[RFC] Getting LTO incremental linking work
Thu Nov 26 10:15:00 GMT 2015
On Wed, 25 Nov 2015, Jan Hubicka wrote:
> > >
> > > 1) linker plugin is modified to pass -flinker-output to lto wrapper
> > > linker-output is either dyn (.so), pie or exec
> > > for incremental linking I added .rel for 3) and noltorel for 1)
> > >
> > > currently it does rel because 3) (nor 2) can not be done when incremnetal
> > > linking is done on both LTO and non-LTO objects.
> > That's because the result would be a "fat" object where both pieces
> > would be needed. Btw, I wonder why you are not running into the
> Yep, we woud end up with both LTO and non-LTO in one object and because
> we have no way to claim just part of it in next linking, the non-LTO will
> be ignored (just as is the case with far objects)
> > same issues as me when producing linker plugin output (the "merged"
> > LTO IL) that is LTO IL. Ah, possibly because the link is incremental,
> > and thus all special-handling of LTO sections is disabled.
> Yep, i just throw in the LTO IL and linker passes it through .
> > > In this case linker
> > > plugin output warings about code quality loss and switch to
> > > noltorel.
> > > 2) with -flinker-ouptut the lto wrapper behaves same way as with
> > > -flto-partition=none.
> > > 3) lto frontend parses -flinker-output and sets our internal flags accordingly.
> > > I added new flag_incremental_linking to inform middle-end about the fact
> > > that the output is going to be statically linked again. This disables
> > > the privatization of hidden symbols and if set to 2 it also triggers
> > > the LTO IL streaming
> > I wonder why it behaves like -flto-partition=none in the case it does
> > not need to do LTO IL streaming (which I hope does LTO IL streaming
> > only? or does this implement fat objects "correctly"?). Can't
> Yes, I do stream LTO il into assembler file, like normal -flto build would do
> for non-lto1 frontend. So I produce one .s file that I need assembler to be
> called on. By default lto-wrapper thinks we do WPA and it would look for list
> of ltrans partitions and execute ltranses that I do not want to happen.

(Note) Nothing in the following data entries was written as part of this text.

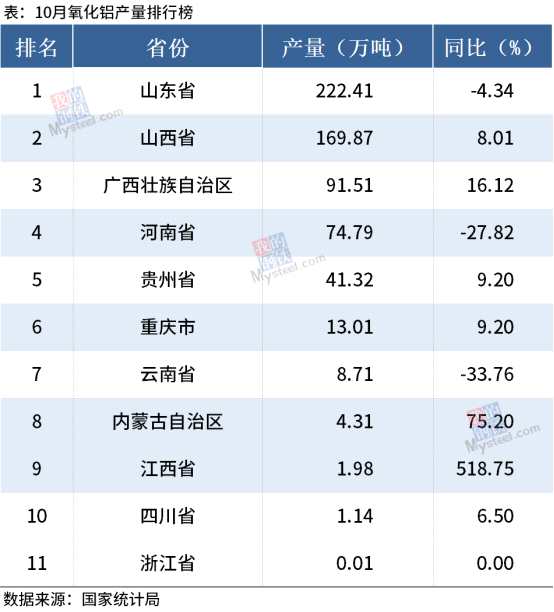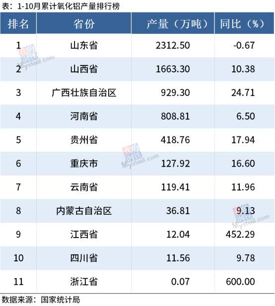 統(tǒng)計(jì)局:10月氧化鋁分省市產(chǎn)量出爐,山東占比35.3%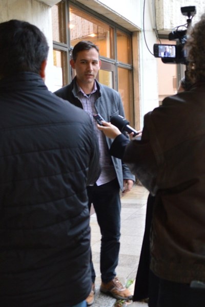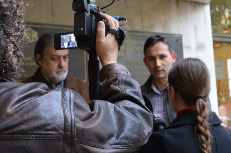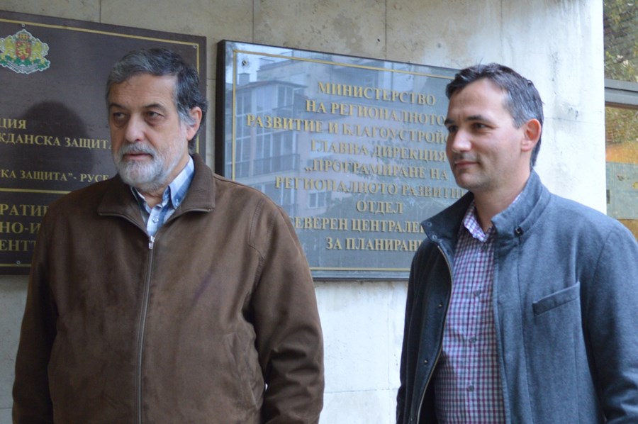*На снимките Евгени Харалампиев (ДСБ) и Иван Белчев (Да, България) регистрират листата на "Демократична България" в РИК - Русе.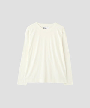 コンパクト糸を使用した、滑らかで肌触りの良いジャージー素材のTシャツ。日本国内で編みと加工を行い、ヌメリ感のある上品な風合いに仕上げた一枚。薄手で軽やかさがあり、ほんのりと落ち感のある質感が特長。
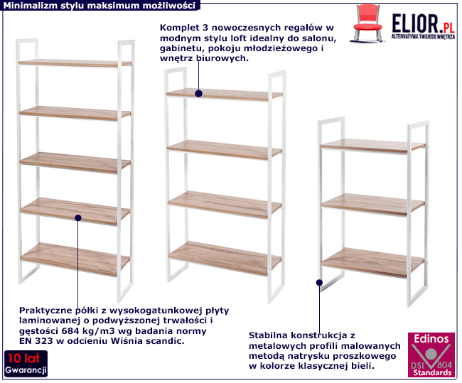 Komplet loftowych regałów Maso 13X marki Elior to zestaw stworzony z myślą o osobach poszukujących mebli o najwyższych parametrach jakościowych i ponadczasowym designie. Komplet Maso 13X wyróżnia się zastosowaniem nowoczesnych komponentów, bezpiecznych w użytkowaniu i gwarantujących niezmienną jakość na lata użytkowania. Konstrukcja kolekcji Maso 13X powstała z profesjonalnego metalu nierdzewnego, pomalowanego proszkowo profesjonalnym barwnikiem w odcieniu klasycznej bieli. Najwyższa jakość techniki metody natrysku proszkowego pozwoliła zaoferować firmie Elior aż 10 lat gwarancji na swoje produkty. Technika malowania proszkowego charakteryzuje się dużą trwałością, odpornością na korozję, chemikalia, wysoką temperaturę oraz uszkodzenia mechaniczne, dzięki czemu znacznie podnosi walory użytkowe i estetyczne mebla. Regały kompletu Maso 13X zostały wyposażone w praktyczne półki z naturalnej płyty laminowanej o podwyższonej trwałości i gęstości. Płyta została zbudowana z włókien drzewnych i związków organicznych w warunkach wysokiego ciśnienia i temperatury. Poszczególne włókna są ułożone są różnokierunkowo, o strukturze sinusoidalnej, co podnosi parametry wytrzymałościowe i jakościowe surowca. Dodatek szlachetnych filmów melaminowych zwiększa trwałość płyty oraz pozytywnie wpływa na jakość i estetykę mebla. Półki o grubości 18 mm zostały przykręcone do metalowych profili specjalistycznymi metalowymi śrubami, dzięki czemu są wyjątkowo stabilne i wytrzymałe na nacisk. Tak zaprojektowane regały Maso 13X marki Elior stanowią fenomenalny zestaw trwałych i funkcjonalnych mebli o wyjątkowo uniwersalnym przeznaczeniu.

> Since no codegen is done we have no use for ltranses. It would be nice to spit
> the .o file through simple-object interface. Sadly we can't do that because
> simple-object won't put the LTO marker symbols in. Something I want to track
> and drop assembler stage from LTO generaltion in general
> Well, one case where WPA would help is production of fat-objects. Currently
> it works (by compiling the LTO data into assembly again) but it is not done
> in parallel. I suppose we could deal with this later - it is non-critical.
> My longer term plan is to make WPA parallelization independent of LTO - it
> makes sense when you build one large non-LTO object, too.
> > we still parallelize the build via LTRANS and then incrementally
> > link the result (I suppose the linker will do that for us with the
> > linker plugin outputs already?)?
> > -flto-partition=none itself isn't more memory intensive than
> > WPA in these days, it's only about compile-time, correct?
> It is. Just by streaming everything in and out we "compress" the memory layout
> noticeably. -flto-partition=one has smaller peak than -flto-partition=none.
> But again, here all this triggers with -ffat-objects only.
> > Your patch means that Andis/HJs work is no longer needed and we can
> > drop the section suffixes again?
> Maybe. It is different implementation of same thing. They can be both used,
> though I suppose real incremental linking is better in longer term than
> section merging.
> > >
> > > Does anyone see problems with this approach? I think this is easy enough
> > > and fixes PR67548 so it may still get to mainline?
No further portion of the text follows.